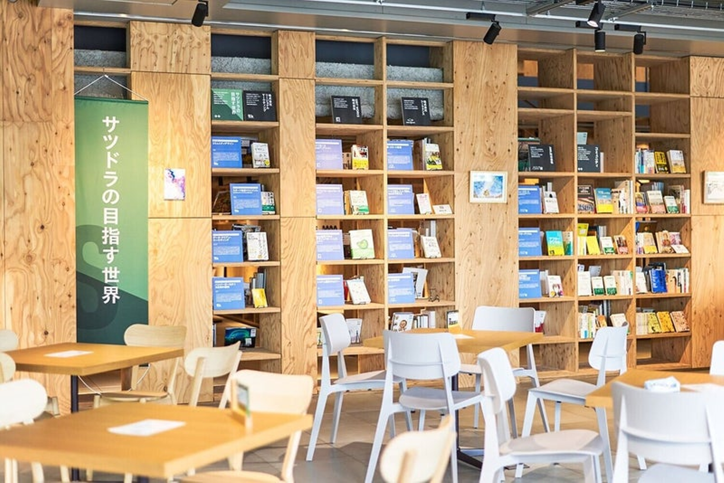 2020年9月に移転した新社屋。1Fにサツドラの店舗を構え、2Fを地域の人たちが集う場「EZO HUB SAPPORO」と定義。シェアオフィスやブックラウンジ、コミュニケーションスペースなどがある。
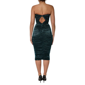 Dolce & Gabbana Green Silk Satin Fitted Strapless Dress
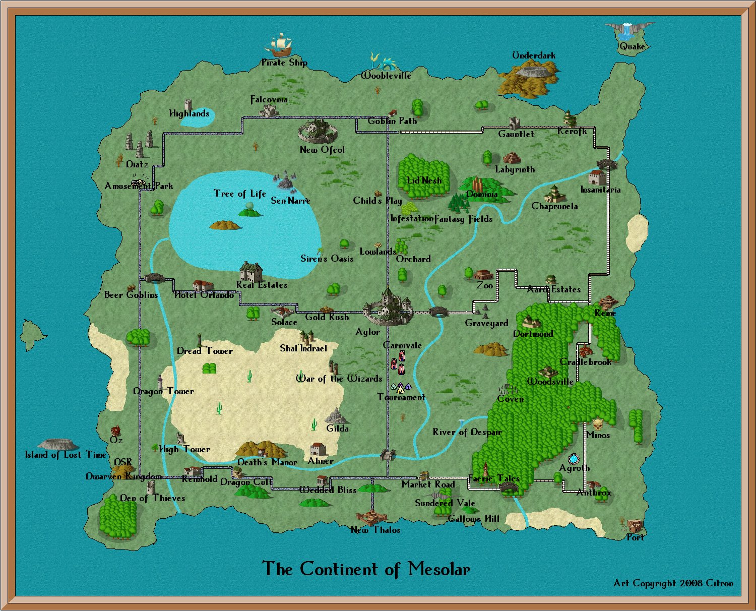 Location: Home / Game World The Aardwolf adventure is set in Andolor, meaning 'greatest world' in ancient tongue. Andolor orbits a single sun, but unlike other worlds, does not rotate. Andolor's three moons and several large planets between Andolor and its Sun give the impression of rapidly changing day and night. There are no seasons or changes in climate. Tropical areas stay tropical,the frozen land of Gelidus remains frozen. In terms of geography, much of the vast Oceans of Andolor remains unexplored. Many islands exist within these oceans, guarding many mysteries. While Andolor is not completely circular, head in any direction long enough and you will arrive very close to where you started, assuming you survive the journey. Four main continents have been discovered so far on Andolor. Mesolar The Continent of Mesolar is the central hub of civilization on Andolar. Great cities and small towns have formed alliances and treaties, established extensive road systems, and negotiated trade routes and diplomatic ties. As a result, Mesolar is the safest place for the average citizen to live, and therefore the most heavily populated by the "civilized" races. Click each thumbnail for the detailed map. Abend To the west of Mesolar, past the 'Forbidden Waters', or Banalog Ocean, lies the dark continent of Abend. Constantly in twilight, much evil is rumored to exist here. Few have returned from adventures to the West, so only lore and legend remain. The mountains and rocky terrain are fabled to be infested with every vile sort of creature, and adventurers who seek their treasure there are advised to walk warily. Alagh To the east of Mesolar, across the Aphasian ocean is the Blood continent of Alagh. Alagh means "battle glory" in ancient tongue, an aptly named continent ravaged by centuries old battles. Alagh is also home to the great Eastern Desert and tropical jungles to the South, and the waters of the Lem-Dagor ("into battle") to the west. The hills and barren plains of this war-ripped land are stained in the blood of fallen innocents, and the trees themselves bloom with blood-red foliage in memory of the blood spilled here. Gelidus To the North of Mesolar is the frozen continent of Gelidus. Contained on the side of Andolor permanently away from the sun, the continent is covered in snow and ice formed from the frozen E'a Siirima, Elvish for 'into liquid'. Across the coldest point of Gelidus is a vast and icy mountain range, where ancient glaciers and vast forests of ice stand their ancient watch. Very little civilization resides in this frozen wasteland, but ruined fortresses and retreats of the monsters who love cold await the eager hero who ventures here. Oceans The waters of the Iridian, or iridescent sea, lay to the south of Mesolar. Various societies have started to form within the waters and on the few islands that have formed over the ages. Rumored are civilizations which have even sprung up under the ocean waters themselves. The Iridian Sea abuts against a vast, uncharted ocean, in which islands can occasionally be found by the lost traveller. There are even fables and legends, scorned by learned navigators and scholars, that another continent resides within these uncharted waters...no trace of this land has been found, at least by any who have returned to tell the tale. Vidblain There is rumor of a 5th continent. Whispers about Vidblain, the "ever dark". The author cannot verify the truth or location at this time.... | |||

....

[Aim of the exercise]: Copy the whole listing exactly, excluding the pictures in it.

[Response area]:
 2020年9月に移転した新社屋。1Fにサツドラの店舗を構え、2Fを地域の人たちが集う場「EZO HUB SAPPORO」と定義。シェアオフィスやブックラウンジ、コミュニケーションスペースなどがある。
 Dolce & Gabbana Green Silk Satin Fitted Strapless Dress
 Location: Home / Game World The Aardwolf adventure is set in Andolor, meaning 'greatest world' in ancient tongue. Andolor orbits a single sun, but unlike other worlds, does not rotate. Andolor's three moons and several large planets between Andolor and its Sun give the impression of rapidly changing day and night. There are no seasons or changes in climate. Tropical areas stay tropical,the frozen land of Gelidus remains frozen. In terms of geography, much of the vast Oceans of Andolor remains unexplored. Many islands exist within these oceans, guarding many mysteries. While Andolor is not completely circular, head in any direction long enough and you will arrive very close to where you started, assuming you survive the journey. Four main continents have been discovered so far on Andolor. Mesolar The Continent of Mesolar is the central hub of civilization on Andolar. Great cities and small towns have formed alliances and treaties, established extensive road systems, and negotiated trade routes and diplomatic ties. As a result, Mesolar is the safest place for the average citizen to live, and therefore the most heavily populated by the "civilized" races. Click each thumbnail for the detailed map. Abend To the west of Mesolar, past the 'Forbidden Waters', or Banalog Ocean, lies the dark continent of Abend. Constantly in twilight, much evil is rumored to exist here. Few have returned from adventures to the West, so only lore and legend remain. The mountains and rocky terrain are fabled to be infested with every vile sort of creature, and adventurers who seek their treasure there are advised to walk warily. Alagh To the east of Mesolar, across the Aphasian ocean is the Blood continent of Alagh. Alagh means "battle glory" in ancient tongue, an aptly named continent ravaged by centuries old battles. Alagh is also home to the great Eastern Desert and tropical jungles to the South, and the waters of the Lem-Dagor ("into battle") to the west. The hills and barren plains of this war-ripped land are stained in the blood of fallen innocents, and the trees themselves bloom with blood-red foliage in memory of the blood spilled here. Gelidus To the North of Mesolar is the frozen continent of Gelidus. Contained on the side of Andolor permanently away from the sun, the continent is covered in snow and ice formed from the frozen E'a Siirima, Elvish for 'into liquid'. Across the coldest point of Gelidus is a vast and icy mountain range, where ancient glaciers and vast forests of ice stand their ancient watch. Very little civilization resides in this frozen wasteland, but ruined fortresses and retreats of the monsters who love cold await the eager hero who ventures here. Oceans The waters of the Iridian, or iridescent sea, lay to the south of Mesolar. Various societies have started to form within the waters and on the few islands that have formed over the ages. Rumored are civilizations which have even sprung up under the ocean waters themselves. The Iridian Sea abuts against a vast, uncharted ocean, in which islands can occasionally be found by the lost traveller. There are even fables and legends, scorned by learned navigators and scholars, that another continent resides within these uncharted waters...no trace of this land has been found, at least by any who have returned to tell the tale. Vidblain There is rumor of a 5th continent. Whispers about Vidblain, the "ever dark". The author cannot verify the truth or location at this time.... | |||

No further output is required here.